Open mikhailnov opened this issue 2 years ago • 3 comments

Hello!

audit 3.0.8, glibc 2.31.

The first configuration:

localhost ~ # grep -e num_logs -e max_log_file -e max_log_file_action /etc/audit/auditd.conf num_logs = 10 max_log_file = 100 max_log_file_action = ROTATE

There are 100 files of 10 MB, ausearch takes a long time:

localhost ~ # time ausearch -k adjtime real 1m51,008s

If I set 50 * 20 MB or 100 * 10 MB, then ausearch takes about 30 seconds, but the total size of logs is the same.

I tried to understand why this happens, looked into the code and saw nothing special, it seems to just read the files line by line...

Is this a known issue? If yes, I would suggest to document it and recommend optimal log sizes.

mikhailnov avatar May 16 '22 07:05 mikhailnov

This is expected. The extra open/close takes time. Also, ausearch opens files with the memory map flag. That also adds startup/shutdown costs. It is impossible to guess what is optimal for any workload. You may want to optimize for searching. Someone else may want to optimize for the rotation to contain about a days worth of events. It really depends on what your rules are as to how much logging you get. I personally use 100 for the log size.

stevegrubb avatar May 18 '22 12:05 stevegrubb

This is expected. The extra open/close takes time. Also, ausearch opens files with the memory map flag. That also adds startup/shutdown costs.
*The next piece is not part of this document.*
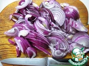 Красный лук нарезать полукольцами. |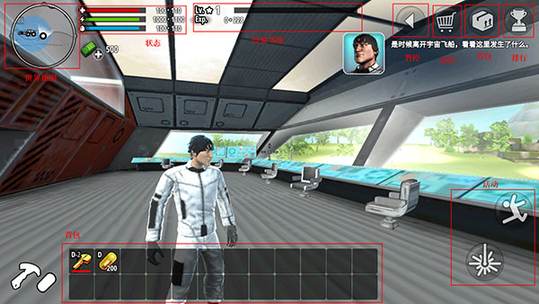 如图所示,游戏界面集成移动控制、地图导航、状态查看、商店访问、背包管理及排行榜等功能,操作直观便捷。

But then 10 files per 100 MiB would be processed faster than 50 files per 20 MiB and it would make sense, but it is not so...

mikhailnov avatar May 18 '22 23:05 mikhailnov

I don't have a good answer for why it's taking longer. One thing is that it starts with audit.log.1 and check it exists and then increments until it finds the oldest file, then it turns around and starts processing them. I wouldn't think the check for existence would account for all of the extra time. But it is another difference.

stevegrubb avatar May 27 '22 19:05 stevegrubb

Thanks for reporting this. I have no good explanation for this. The perf command might show something in the kernel that is causing the delay. Unless there is a pull request, I won't be able to look into this. Closing this out.